In order to compile and use WS-TLS-Scanner, you need to have Java installed, as well as TLS-Attacker, ModifiableVariables and the TLS-Scanner
$ cd WS-TLS-Scanner
$ mvn clean package
For hints on installing the required libraries checkout the corresponding GitHub repositories.
Please note: In order to run this tool you need TLS-Attacker 3.2b
In order to run WS-TLS-Scanner you need to deploy the .war file from the target/ folder to your favourite java application server (eg. Glassfish, Tomcat ...).

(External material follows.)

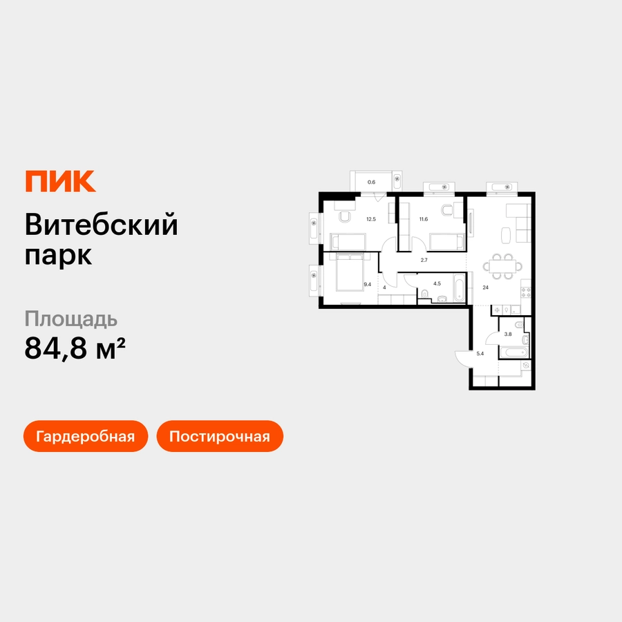 Продаётся 3-комн.квартира площадью 84.80 кв.м на 3 этаже 12 этажного дома (Корпус 6, секция 2) проекта ПИК Витебский парк. Светлый просторный подъезд на уровне земли, функциональная планировка, большие окна, с отделкой. <br> <br>Жилой квартал «Витебский парк» находится во Фрунзенском районе Санкт-Петербурга, в 15 минутах пешком от метро «Обводный канал». А в 2027 году всего в паре минут от проекта планируют открыть станцию метро «Боровая». <br> <br>В квартал входят 3 детских сада, школа и 7 жилых домов с дворами-парками, куда не могут зайти посторонние люди и заехать автомобили. Школа на 1250 мест и детский сад на 350 мест откроются одновременно с заселением первой очереди, это значит, что жители проекта смогут отдать своих детей в новые образовательные учреждения на территории квартала. <br> <br>Во дворах приятно отдыхать, знакомиться с соседями и даже заниматься йогой, а для детей мы построим детские площадки. Рядом появятся современные спортивные площадки. На первых этажах домов откроются магазины, кафе и другие сервисы. Через весь жилой район протянется широкий пешеходный бульвар для прогулок и спорта. <br> <br>Рядом с «Витебским парком» есть всё для комфортной жизни: магазины, торговые центры, фитнес-клубы, кафе и рестораны, а ещё детские сады, школы, вузы и поликлиника. Артикул - 1005228О застройщике

After that the webservice should be up and running and can be called by sending a POST like
{
"url": "google.de",
"dangerLevel": 0,
"callbackurls": [
"http://127.0.0.1:8080"
]
}
to either
http://127.0.0.1:8080/WS-TLS-Scanner-3.0.0/tls
http://127.0.0.1:8080/WS-TLS-Scanner-3.0.0/pop3
http://127.0.0.1:8080/WS-TLS-Scanner-3.0.0/pop3s
http://127.0.0.1:8080/WS-TLS-Scanner-3.0.0/imap
http://127.0.0.1:8080/WS-TLS-Scanner-3.0.0/imaps
http://127.0.0.1:8080/WS-TLS-Scanner-3.0.0/smtp
http://127.0.0.1:8080/WS-TLS-Scanner-3.0.0/smtp_msa
http://127.0.0.1:8080/WS-TLS-Scanner-3.0.0/smtps
or
http://127.0.0.1:8080/tls
http://127.0.0.1:8080/pop3
http://127.0.0.1:8080/pop3s
http://127.0.0.1:8080/imap
http://127.0.0.1:8080/imaps
http://127.0.0.1:8080/smtp
http://127.0.0.1:8080/smtps
Depending on your application server.
TLS-Scanner uses the concept of "checks" which are performed after it collected configuration information. A check which results in "true" is consideres a non optimal choice and is an indicator for a pentester for a possible problem.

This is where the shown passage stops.